Functional characterization of driver mutations on TF activities. A, Volcano plot with effect size (x) and adjusted P value (y) of all tested pan-cancer associations. B, Number of significant associations per TF in primary tumors and cell lines, colored according to the sign of the association. Red and blue correspond to significantly higher or lower TF activities in mutants compared with wild type, respectively. C, Significant (FDR < 5%) TF–driver associations from primary tumors and cell lines and the overlap. Shared driver–TF pairs are indicated in the table. D, Log OR of finding a significant interaction by network distance (minimum number of directed intermediates between the driver and the corresponding TF). **, P < 0.05; ***, P < 0.001 (Fisher exact test). E, Enrichment in positive/negative driver–TF associations (red/blue, respectively) to involve oncogenic/tumor suppressor TFs, respectively.

Figure 4.

Functional characterization of driver mutations on TF activities. A, Volcano plot with effect size (x) and adjusted P value (y) of all tested pan-cancer associations. B, Number of significant associations per TF in primary tumors and cell lines, colored according to the sign of the association. Red and blue correspond to significantly higher or lower TF activities in mutants compared with wild type, respectively. C, Significant (FDR < 5%) TF–driver associations from primary tumors and cell lines and the overlap. Shared driver–TF pairs are indicated in the table. D, Log OR of finding a significant interaction by network distance (minimum number of directed intermediates between the driver and the corresponding TF). **, P < 0.05; ***, P < 0.001 (Fisher exact test). E, Enrichment in positive/negative driver–TF associations (red/blue, respectively) to involve oncogenic/tumor suppressor TFs, respectively.

Close modal

To assess whether the detected associations represent plausible driver–TF regulatory events, we extracted directed edges from literature-curated signaling networks from OmniPath (31) and quantified shortest path lengths between every driver–gene/TF pair. Enrichment analysis confirmed that significant driver–gene/TF associations tend to be closer than nonsignificant associations (Fig. 4D). Next, we investigated whether the predicted effect of driver mutations on TF activities (association sign) agrees with the TF's role in cancer. We classified TFs into 3 groups according to their role in cancer: (i) upregulated in cancer, if the TF displays significant greater activity in tumor than in normal samples or is a known oncogene (27, 28); (ii) downregulated, if the TF function is repressed in tumor samples or is a tumor suppressor; or (iii) neutral. Enrichment analysis revealed that positive driver/TF interactions (i.e., potential TF-activating events) tend to involve cancer-upregulated TFs, in contrast, negative interactions are more prone to involve cancer-downregulated TFs (Fig. 4E). Taken together, our results suggest that the identified associations point to potential mechanisms of driver-mediated transcriptional dysregulation in cancer.

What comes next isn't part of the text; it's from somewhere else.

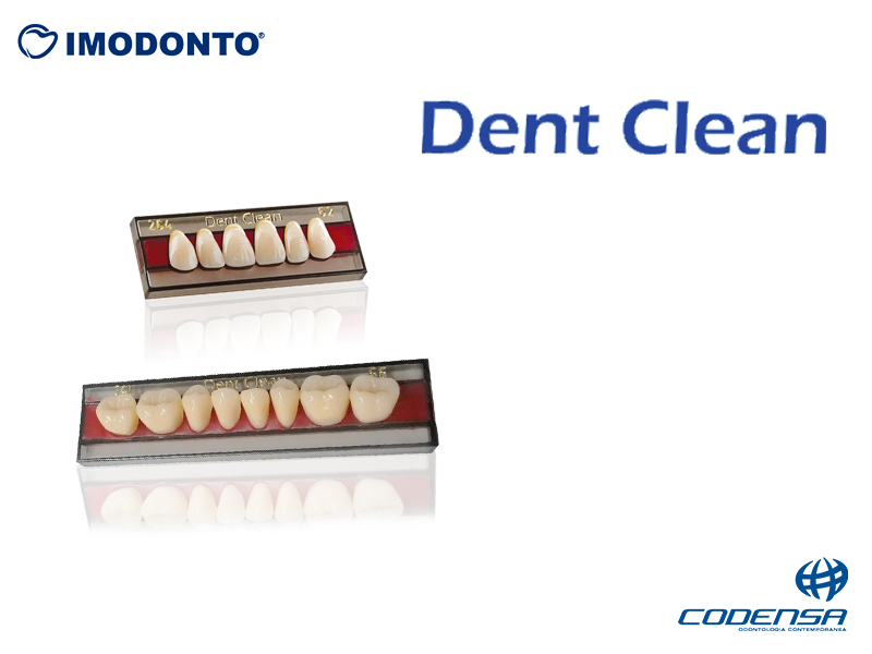 Las características principales de Imodonto Dent Clean son su resistencia mecánica, química y a la abrasión, la estabilidad del color y dimensional, la fluorescencia natural y un aspecto estético armonizado con la oclusión y detalles anatómicos. Está hecho de resina acrílica de doble prensado y se utiliza en diversas prótesis, incluyendo totales, parciales, removibles y temporales.
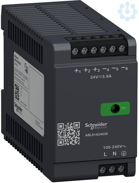 Spannungsversorgung Modicon der Baureihe OPTIMUM für Anwendungen in der Industrie sowie Gewerbe- und Wohngebäude. Ausgang mit 24V/3,8A. Nennleistung 90W. Kunststoffgehäuse zur Aufrastung auf einer Hutschiene. 1-Phasig. Mögliche Betriebstemperatur bis +70°C. Gehäusefarbe ist dunkelgrau. Eingang unten, Ausgänge oben am Gerät. Eingangsspannung 100-240 VAC (50/60 Hz). Zugang zu Dokumentation per QR-Code auf dem Gerät. IEC/EN 62368-1 konform, CE, CB-Scheme,cULus,cURus,RCM,EAC. Die Baureihe Modicon ABLS OPTIMUM umfasst Spannungsversorgungen mit Ausgangsspannungen von 12VDC, 24VDC oder 48VDC.

Drug sensitivity interactions in 984 cancer cell lines

We next investigated the potential of TF activities as markers of response to 265 compounds across 984 cancer cell lines (10). Association between TF–drug pairs was tested with a linear regression approach accounting for potentially confounding factors (tissue lineage, microsatellite instability, and cell line growth media).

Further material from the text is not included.